#### [DIRECTIONS FOR THIS TASK]
When you reach the line containing "legging court pour" in the records below, set it down exactly, together with every later line through the end, but not the pictures.

[Start of Attachment]

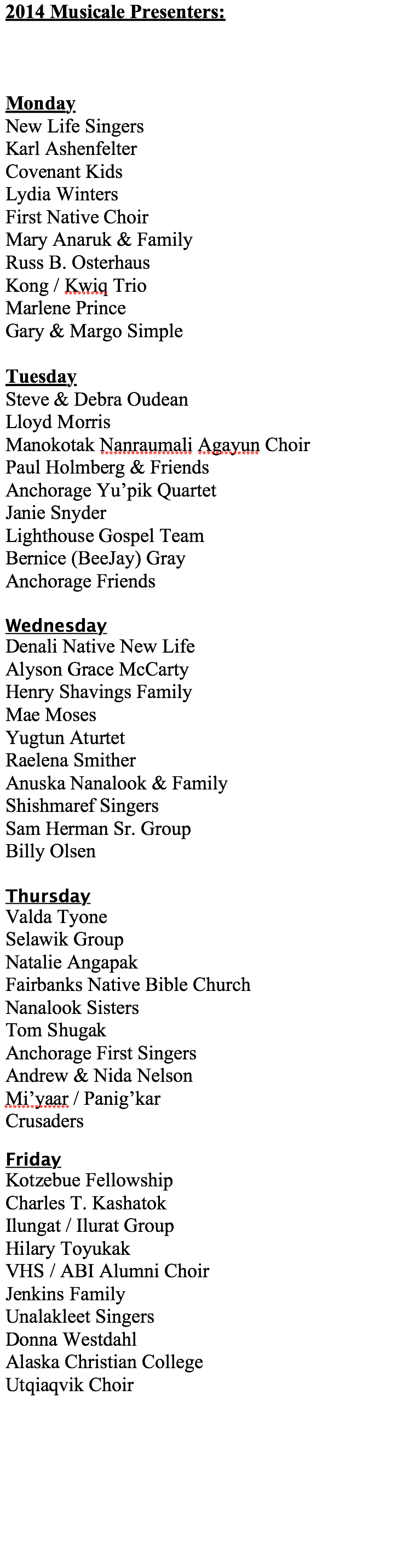 2014 Musicale Participants
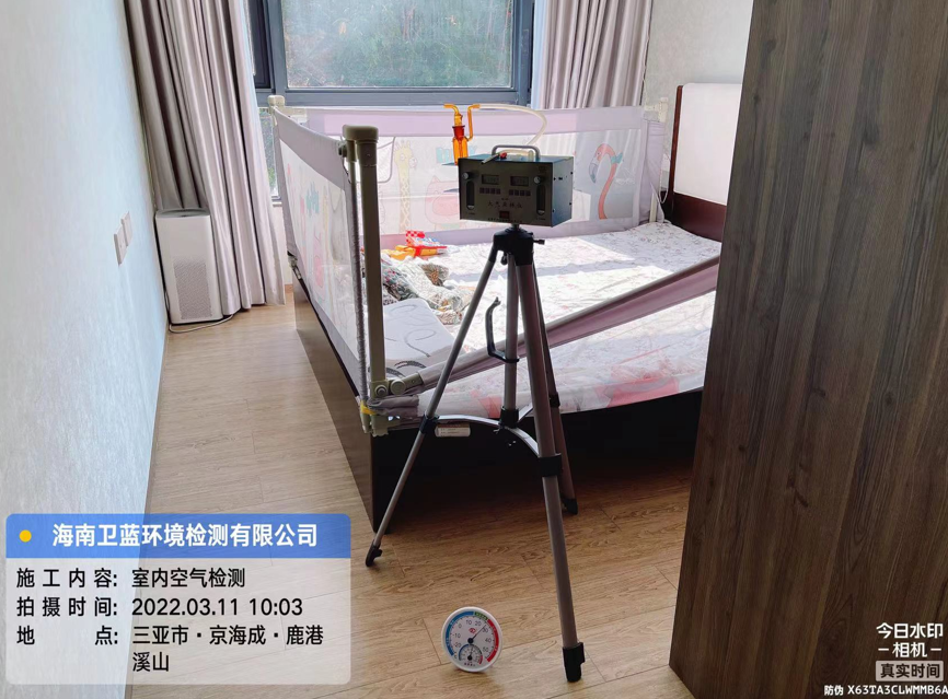 按照預(yù)定時(shí)間,衛(wèi)藍(lán)環(huán)境檢測上門采樣人員于三月十一日上午十時(shí)許到達(dá)三亞市京海城·鹿港溪山,進(jìn)行室內(nèi)空氣檢測的甲醛采樣工作。業(yè)主按照GB/T 18883-2002《室內(nèi)空氣質(zhì)量標(biāo)準(zhǔn)》要求,在采樣前對每個(gè)需要采樣的房間進(jìn)行單獨(dú)密閉,累積密閉時(shí)長12小時(shí),現(xiàn)場室內(nèi)溫度25°C左右,經(jīng)現(xiàn)場勘察環(huán)境適合采樣,采樣人員現(xiàn)場組裝儀器,穿上鞋套,進(jìn)行采樣作業(yè)。
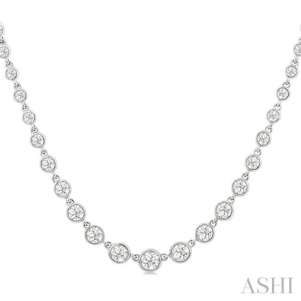 1 1/4 Ctw Halfway Graduated Bezel Set Round Cut Diamond Tennis Necklace in 14K White Gold Image 3 Adler's Diamonds Saint Louis, MO
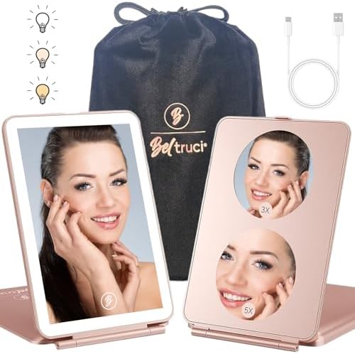 [MAGNIFICATION 1x 3x 5x] Beltruci travel mirror features a 1X magnification mirror with light, enabling you to see every detail and achieve a professional makeup look. Magnifying Magic – simplify precision makeup with 3X and 5X Magnifying Glasses.
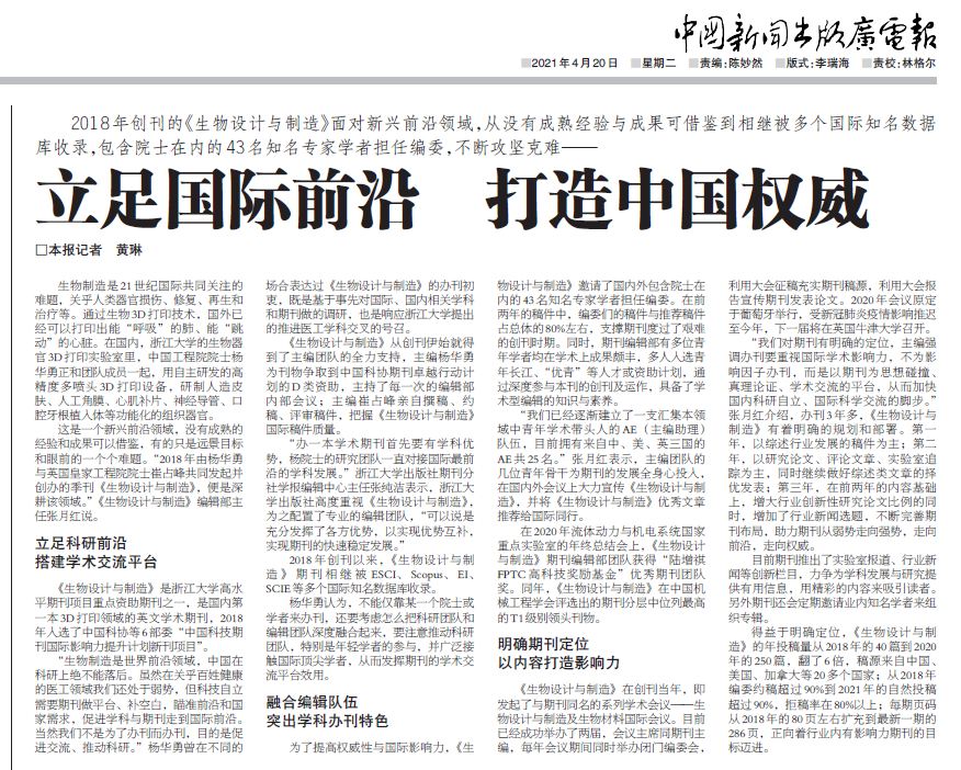 中国新闻出版广电报于2021年4月20日刊发《立足国际前沿 打造中国权威》,报道了我院杨华勇院士和英国皇家工程院院士牛津大学崔占峰院士为共同主编创办的《生物设计与制造》,该刊物不仅填补了国际上3D生物打印&制造领域内中国期刊的空白,也将填补国际生物3D打印技术在设计制造方面的空白,提升中国在该领域的国际影响力和话语权。
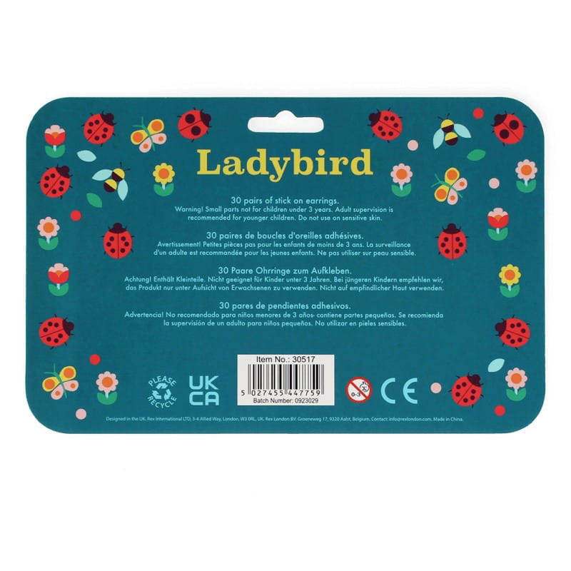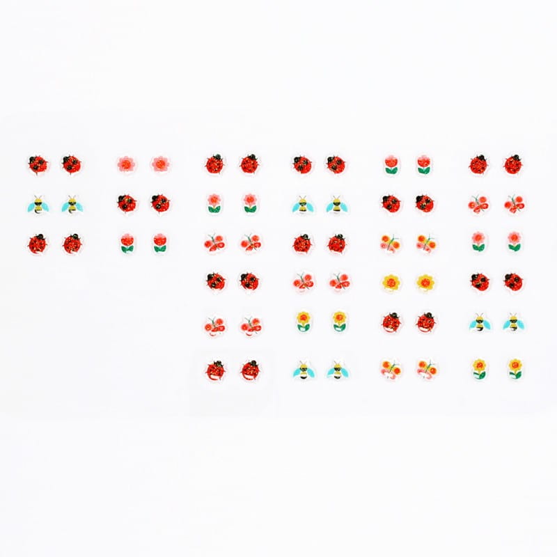 Brokatowe kolczyki naklejane na uszy, urocza i przyciągające wzrok biżuteria dla najmłodszych. Rex Ladybird to samoprzylepne, kolorowe kolczyki z brokatem i wzorami w biedronki, motylki, czy kwiatki. 30 różnych par samoprzylepnych kolczyków dla małych księżniczek.
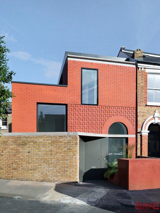 这座位于伦敦南部的房屋与周边维多利亚时期的建筑形成了反差。红色住宅位于一列排屋的尽头,得名于其红色的砖砌外立面。设计向传统砖砌建筑致敬,同时融入了当代风格。项目包含三个起居空间和一个开放式的一层,面积不大,却很实用。中央庭院和小后院为狭长的空间带来自然光照,同时不影响住户的私密性。
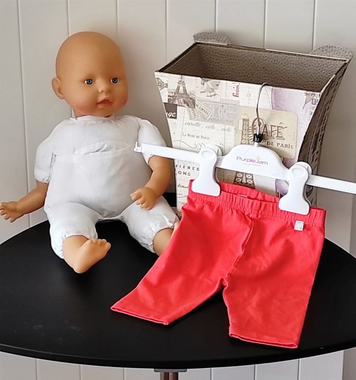 "Adorable legging court pour bébé fille, taille 12 mois. Matière : 100% coton doux et confortable Couleur : orangé vif (facile à assortir) En très bon état, peu porté, sans tache ni trou Idéal pour la belle saison, pratique à enfiler et agréable pour bébé."
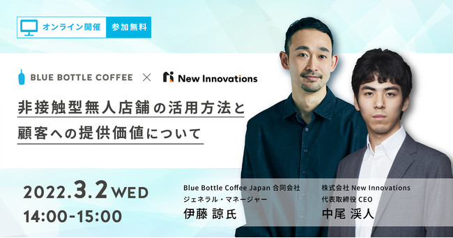 株式会社New Innovations(本社:東京都江東区、代表取締役 CEO:中尾 渓人、以下「New Innovations」)は、Blue Bottle Coffee Japan合同会社(本社:東京都江東区、ジェネラル・マネージャー 伊藤諒、以下「ブルーボトルコーヒー」)と非接触型無人店舗の活用方法と顧客への提供価値についての共催セミナーを3月2日にオンラインで開催いたします。

[End of Attachment]

#### [REPLY]
 "Adorable legging court pour bébé fille, taille 12 mois. Matière : 100% coton doux et confortable Couleur : orangé vif (facile à assortir) En très bon état, peu porté, sans tache ni trou Idéal pour la belle saison, pratique à enfiler et agréable pour bébé."
 株式会社New Innovations(本社:東京都江東区、代表取締役 CEO:中尾 渓人、以下「New Innovations」)は、Blue Bottle Coffee Japan合同会社(本社:東京都江東区、ジェネラル・マネージャー 伊藤諒、以下「ブルーボトルコーヒー」)と非接触型無人店舗の活用方法と顧客への提供価値についての共催セミナーを3月2日にオンラインで開催いたします。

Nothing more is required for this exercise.